Monday, February 14, 2011

Some Famous Tenspression (tensegrity) Building

The Kurilpa Bridge is a pedestrian and bicycle bridge over the Brisbane River in Brisbane, Queensland, Australia. Kurilpa Bridge is the world’s largest tensegrity bridge.The bridge structure comprises 18 structural steel bridge decks, 20 structural steel masts and 16 horizontal spars or in layman's terms horizontal masts. 72 precast concrete deck slabs sit on the main bridge deck and are secured to the steel structure and together by in-situ concrete stitch pours. The complex cabling system comprises 80 main galvanised spiral strand cables and 252 tensegrity cables that are made from superduplex stainless steel.

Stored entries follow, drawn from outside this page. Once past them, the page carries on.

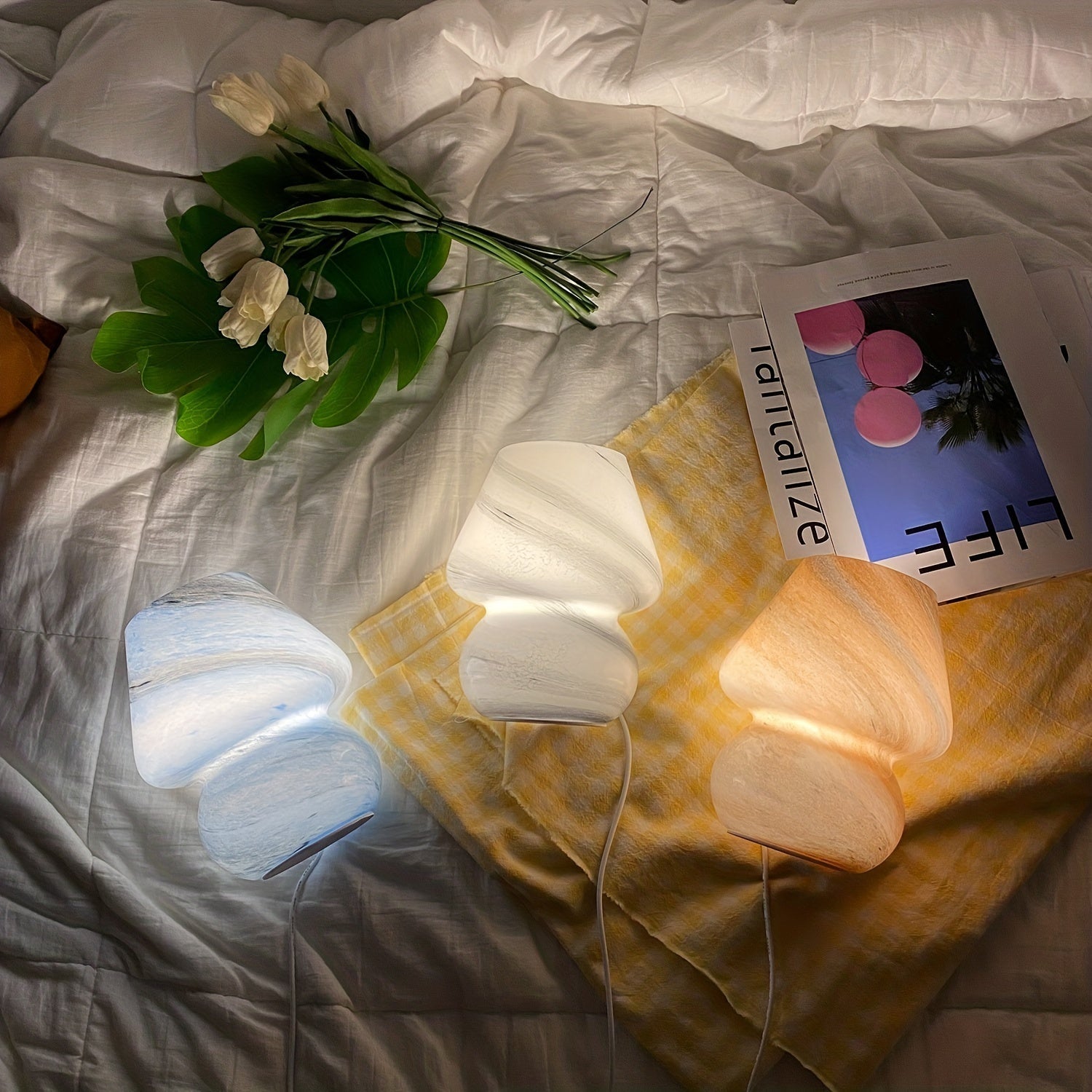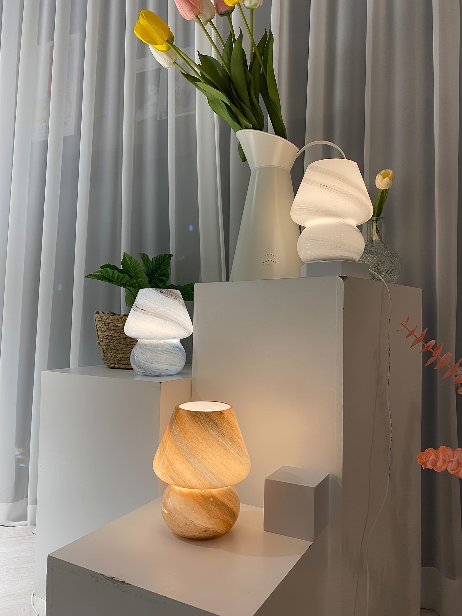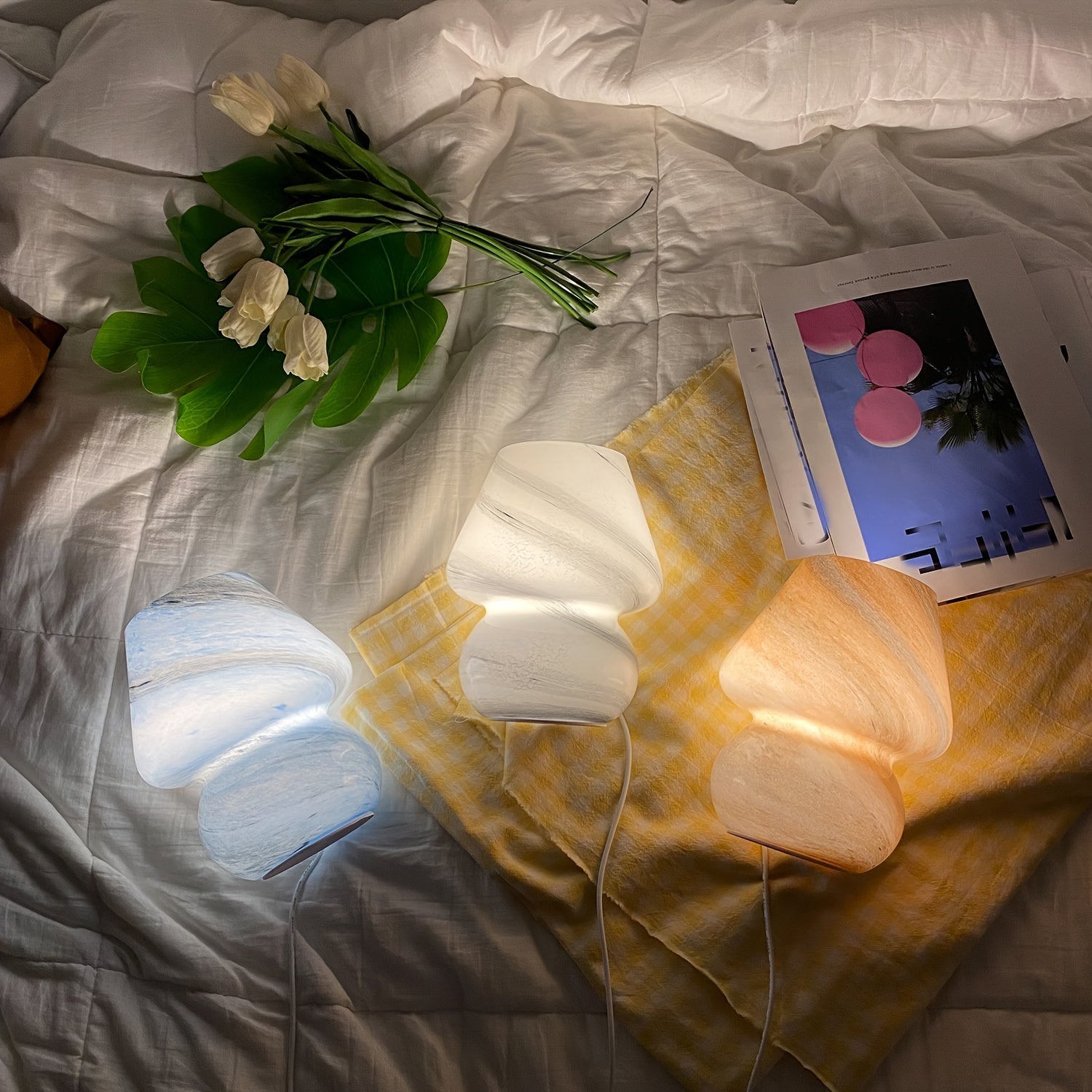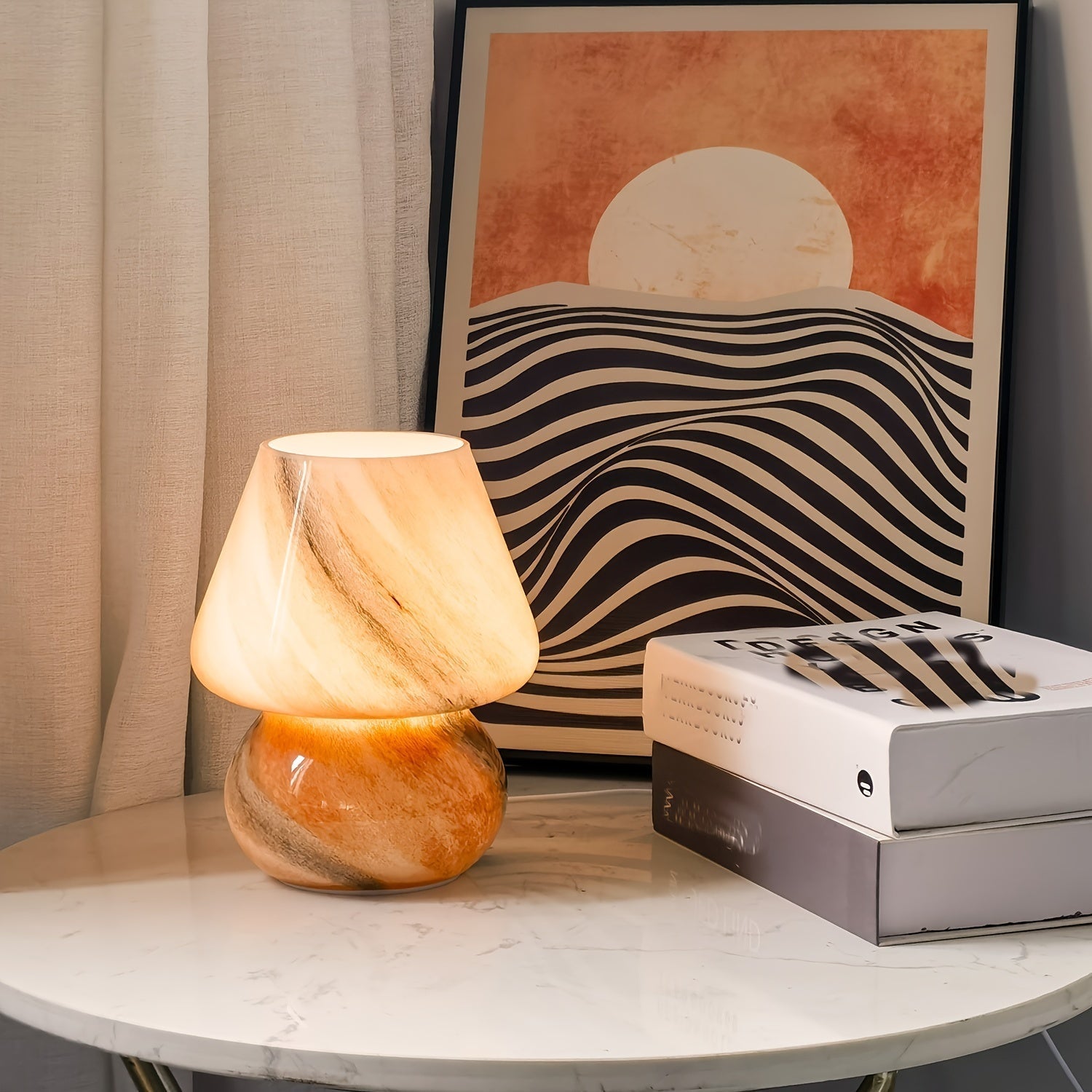מנורת פטריה מזכוכית — תאורת לילה רכה לשידה ולסלון
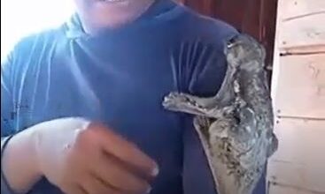 این مرد این جانور عجیب را در باغی در اندونزی پیدا کرده (فیلم)
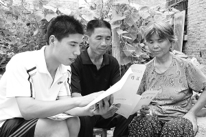 7月26日,商水县练集镇朱集村主任助理、大学生村干部陈书敬正在向村民讲解“4+2”工作法的内容。在推广“4+2”工作法中,商水县400多名大学生村干部融入群众,入户宣讲政策,收集意见,并积极协助村干部灵活运用“4+2”工作法做好当前的计生奖励对象普查、五保户对象认定、宅基地划分等工作。(吕耀光 李玉东 摄)
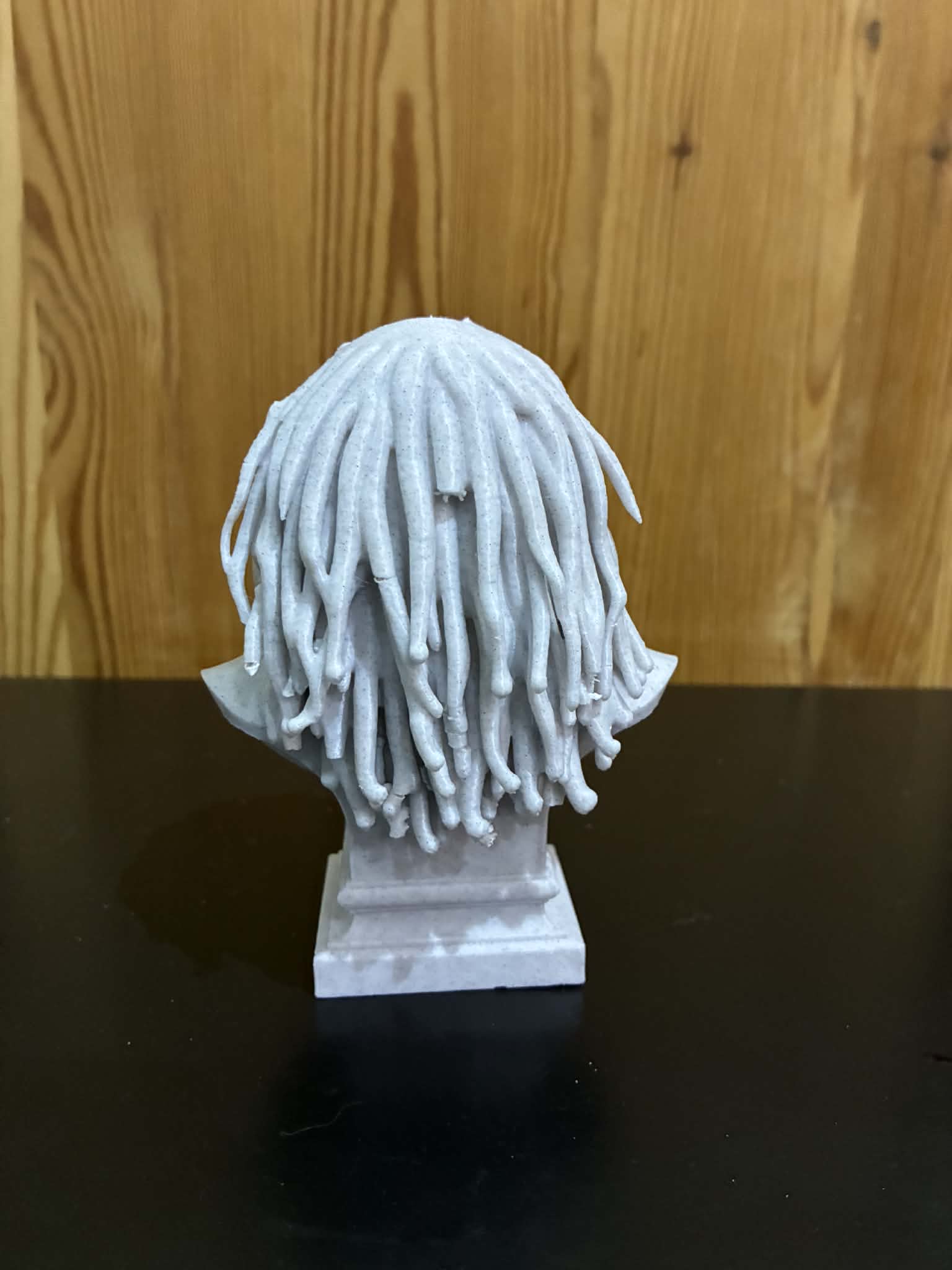 Cách tạo hình điêu khắc chú trọng vào các khối hình rõ nét và những đường nét được nhấn mạnh, giúp cho gương mặt trở nên nổi bật và rất phù hợp để in 3D. Phần tóc dreadlocks, yếu tố đặc trưng làm nên bản sắc của ông, được thiết kế thành các khối cấu trúc đơn giản hóa, giúp tăng cường độ chi tiết và cá tính cho mô hình. Các đường nét trên gương mặt, đặc biệt là mắt, mũi và miệng, vẫn giữ được sự bất đối xứng tự nhiên, đảm bảo sự giống thật mà không hề bị lý tưởng hóa.

This is a 18-meter-high sculptures based on tensegrity concepts:Needle Tower (1968).
This very tall abstract sculpture depicts a tapering tower that is made of aluminum and stainless steel. Pipes of varying lengths and dimensions are strung together with a single piece of stainless steel.Tensegrity describes a closed structural system composed of a set of three or more elongate compression struts within a network of tension tendons, the combined parts mutually supportive in such a way that the struts do not touch one another, but press outwardly against nodal points in the tension network to form a firm, triangulated, prestressed, tension and compression unit.